*Collected data*.

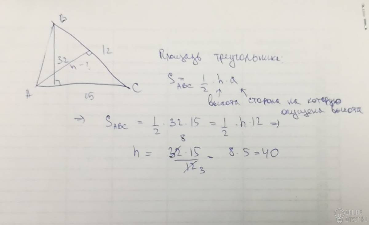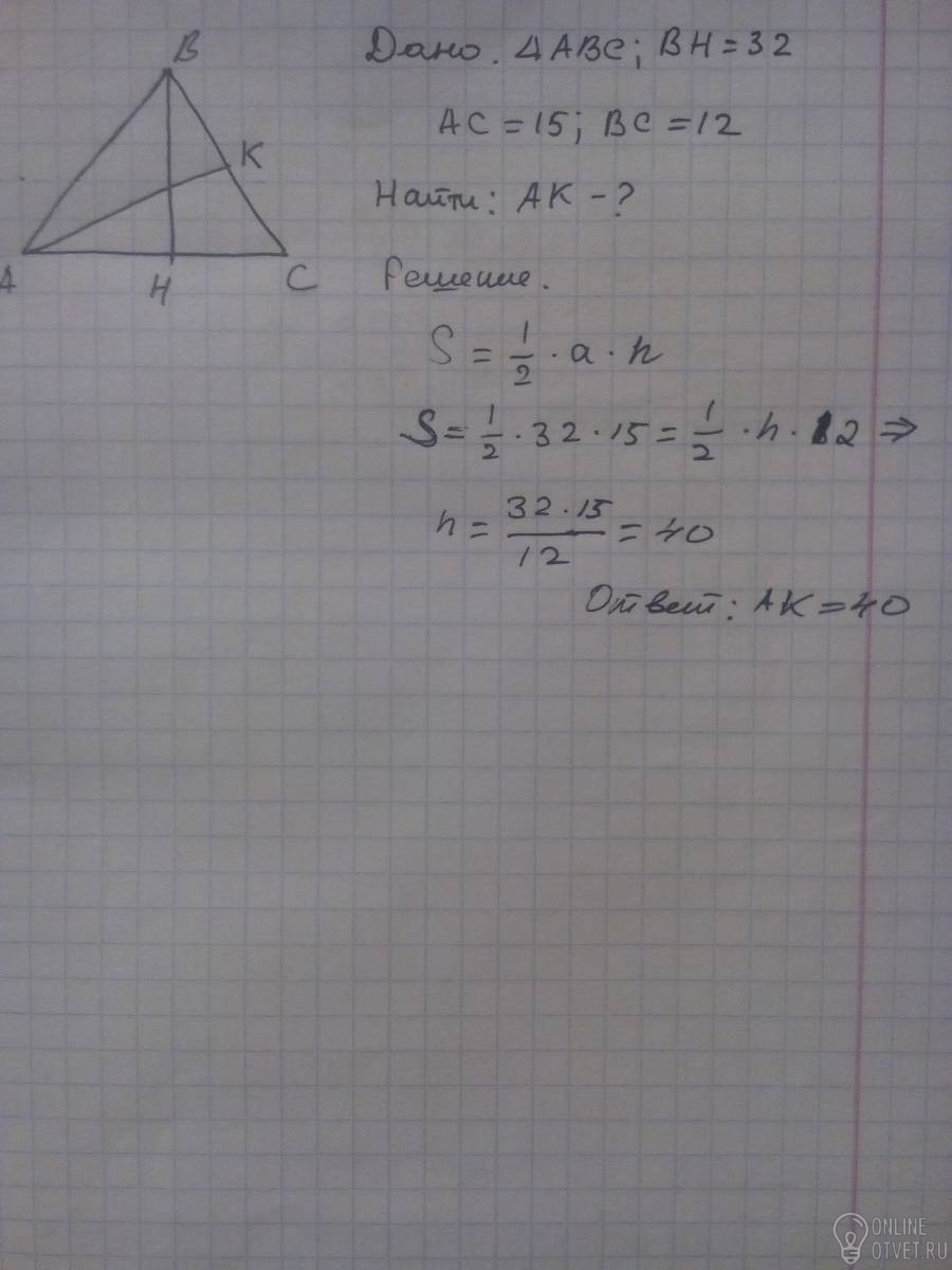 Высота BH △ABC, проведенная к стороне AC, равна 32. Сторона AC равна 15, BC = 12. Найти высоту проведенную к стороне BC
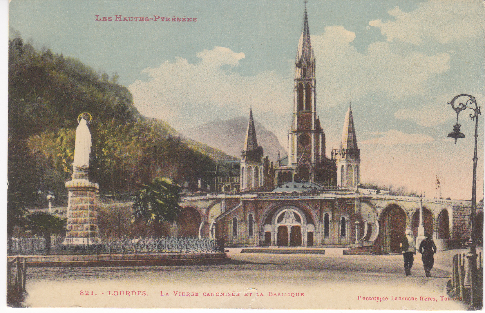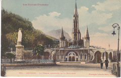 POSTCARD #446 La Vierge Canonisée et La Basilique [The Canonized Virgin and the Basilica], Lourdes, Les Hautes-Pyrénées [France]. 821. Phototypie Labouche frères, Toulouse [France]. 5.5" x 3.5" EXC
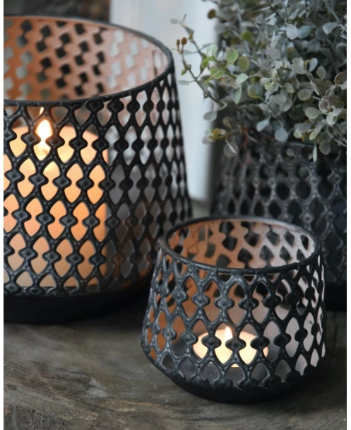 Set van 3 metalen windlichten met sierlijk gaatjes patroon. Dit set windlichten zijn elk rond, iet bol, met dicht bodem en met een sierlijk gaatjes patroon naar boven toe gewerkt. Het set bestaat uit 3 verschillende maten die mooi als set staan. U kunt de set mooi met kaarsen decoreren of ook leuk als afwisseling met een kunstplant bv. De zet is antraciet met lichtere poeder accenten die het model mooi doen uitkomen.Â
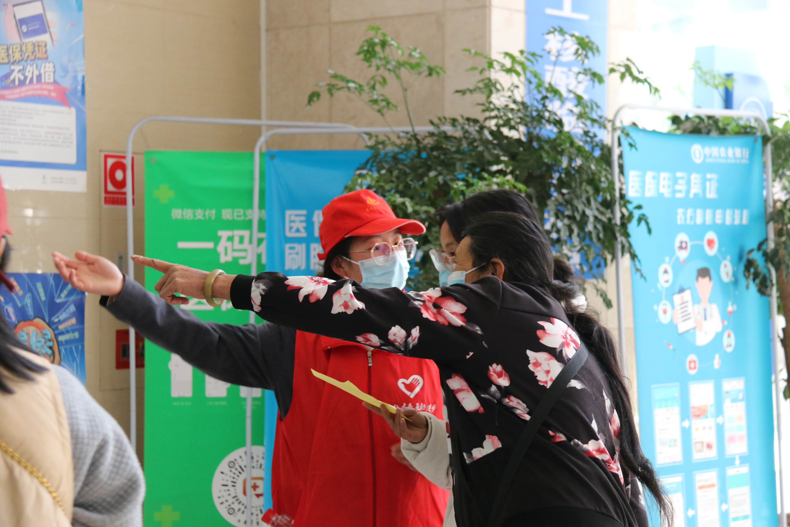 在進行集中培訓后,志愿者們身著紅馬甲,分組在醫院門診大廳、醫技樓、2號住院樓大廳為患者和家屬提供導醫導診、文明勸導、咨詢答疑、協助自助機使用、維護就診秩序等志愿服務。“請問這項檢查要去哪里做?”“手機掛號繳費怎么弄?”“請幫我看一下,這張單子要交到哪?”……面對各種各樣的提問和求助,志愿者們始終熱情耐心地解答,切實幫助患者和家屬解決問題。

*Task goal*. The lines wanted are those from the start of the material above through the line with "POSTCARD #446 La", both included; print them exactly and skip any picture.

*Exercise response*.
 Высота BH △ABC, проведенная к стороне AC, равна 32. Сторона AC равна 15, BC = 12. Найти высоту проведенную к стороне BC
 POSTCARD #446 La Vierge Canonisée et La Basilique [The Canonized Virgin and the Basilica], Lourdes, Les Hautes-Pyrénées [France]. 821. Phototypie Labouche frères, Toulouse [France]. 5.5" x 3.5" EXC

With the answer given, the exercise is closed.